I am trying to filter a dataset based on some aggregate measures: i need to find the UserID
s that have performed between 5 and 15 transactions OR their average payment is between 0 and 1500.
This is my code:
grouped_count = dataset.groupby('UserID').size()
user_count = grouped_count[(grouped_count >= 5) & (grouped_count <= 15)]
grouped_mean = dataset.groupby('UserID').mean()
user_mean = grouped_mean[(grouped_mean['Amount'] >= 0.0) & (grouped_mean['Amount'] <= 1500.0)]
The count part seems to be fine, but i have some concerns about the mean part: it seems the groupby().mean()

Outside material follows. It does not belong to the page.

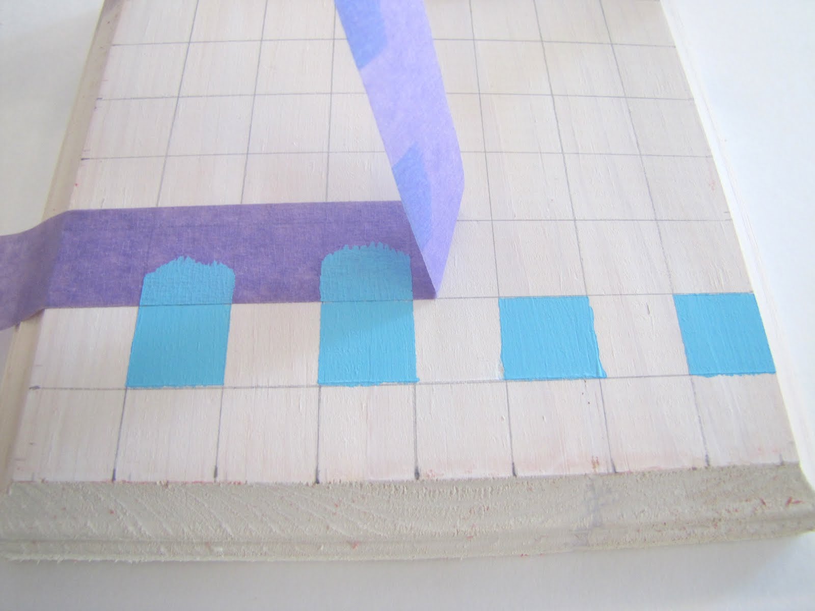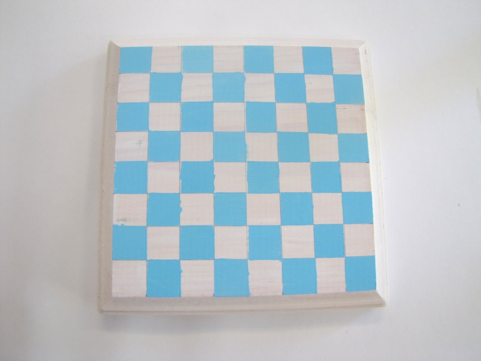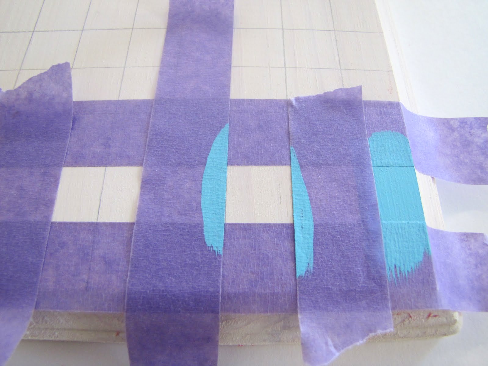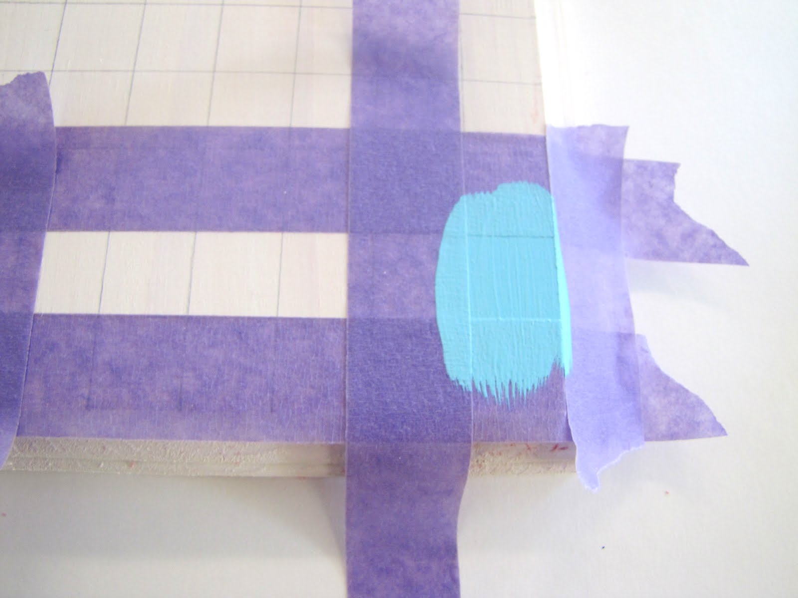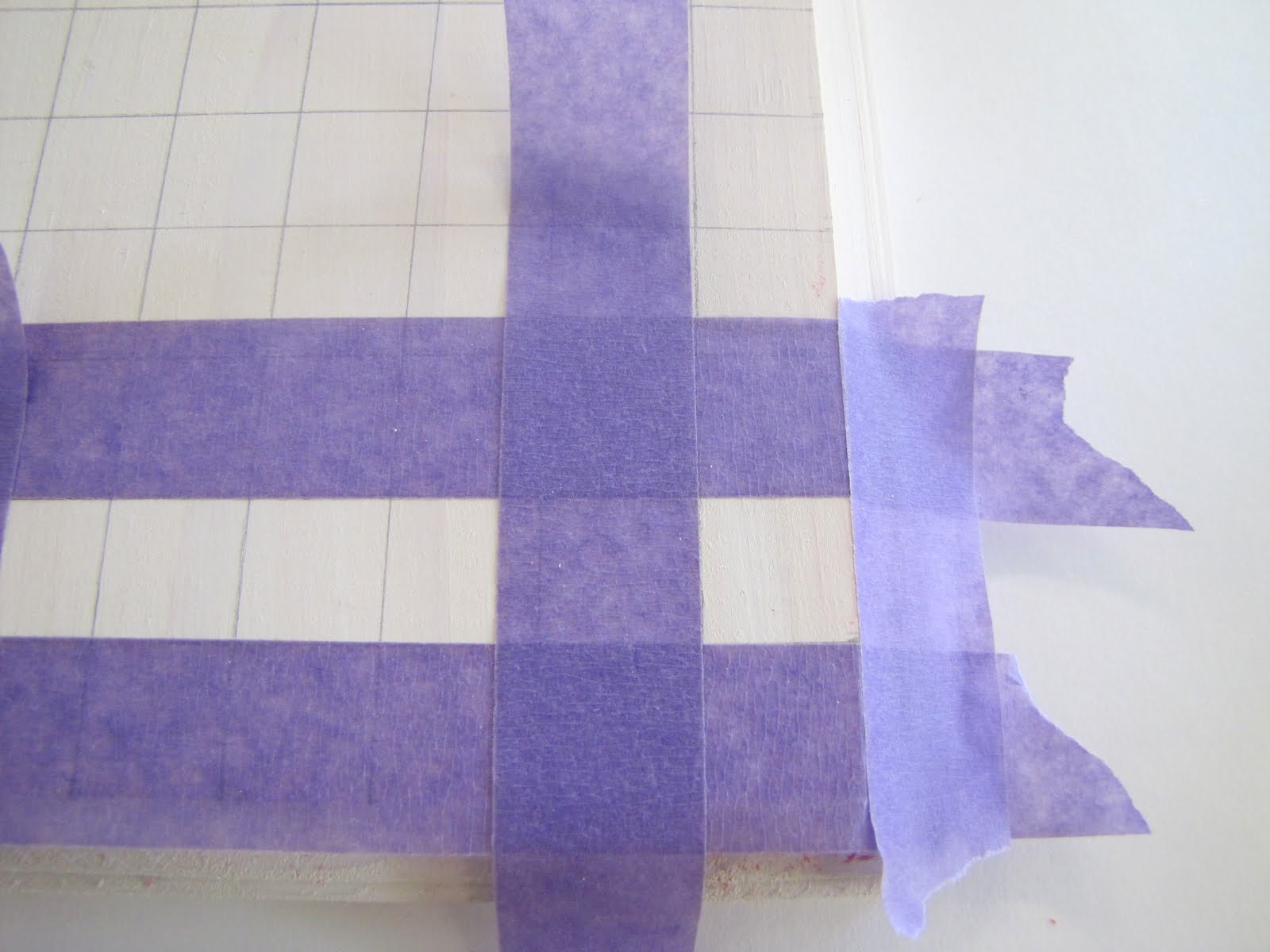Once you have all your grid lines marked off you are ready to begin painting your squares. In order to get straight lines you will need to tape off each box with painter’s tape.

runs correctly, but then the filtering part produces some rows showing a NaN value where they should be dropped instead.
> grouped_mean
Amount Authorized
UserID
1 64.640000 1.0
2 750.000000 1.0
3 696.762857 1.0
4 424.666667 1.0
5 446.847500 1.0
... ... ...
58504 662.950000 1.0
58505 1578.008750 1.0
58506 2990.800848 1.0
58507 71.190000 1.0
58508 20.000000 1.0
[58508 rows x 2 columns]
> user_mean
Amount Authorized
UserID
1 64.640000 1.0
2 750.000000 1.0
3 696.762857 1.0
4 424.666667 1.0
5 446.847500 1.0
... ... ...
58504 662.950000 1.0
58505 NaN 1.0
58506 NaN 1.0
58507 71.190000 1.0
58508 20.000000 1.0
[58508 rows x 2 columns]
How can i get the result i need? Can i just add a user_mean = user_mean.dropna(subset='Amount')
or is there a better way to do filtering after grouping and aggregating?
Indeed the solution by Scott Boston in the comments solves the problem. The relevant columns must be selected before computing the mean.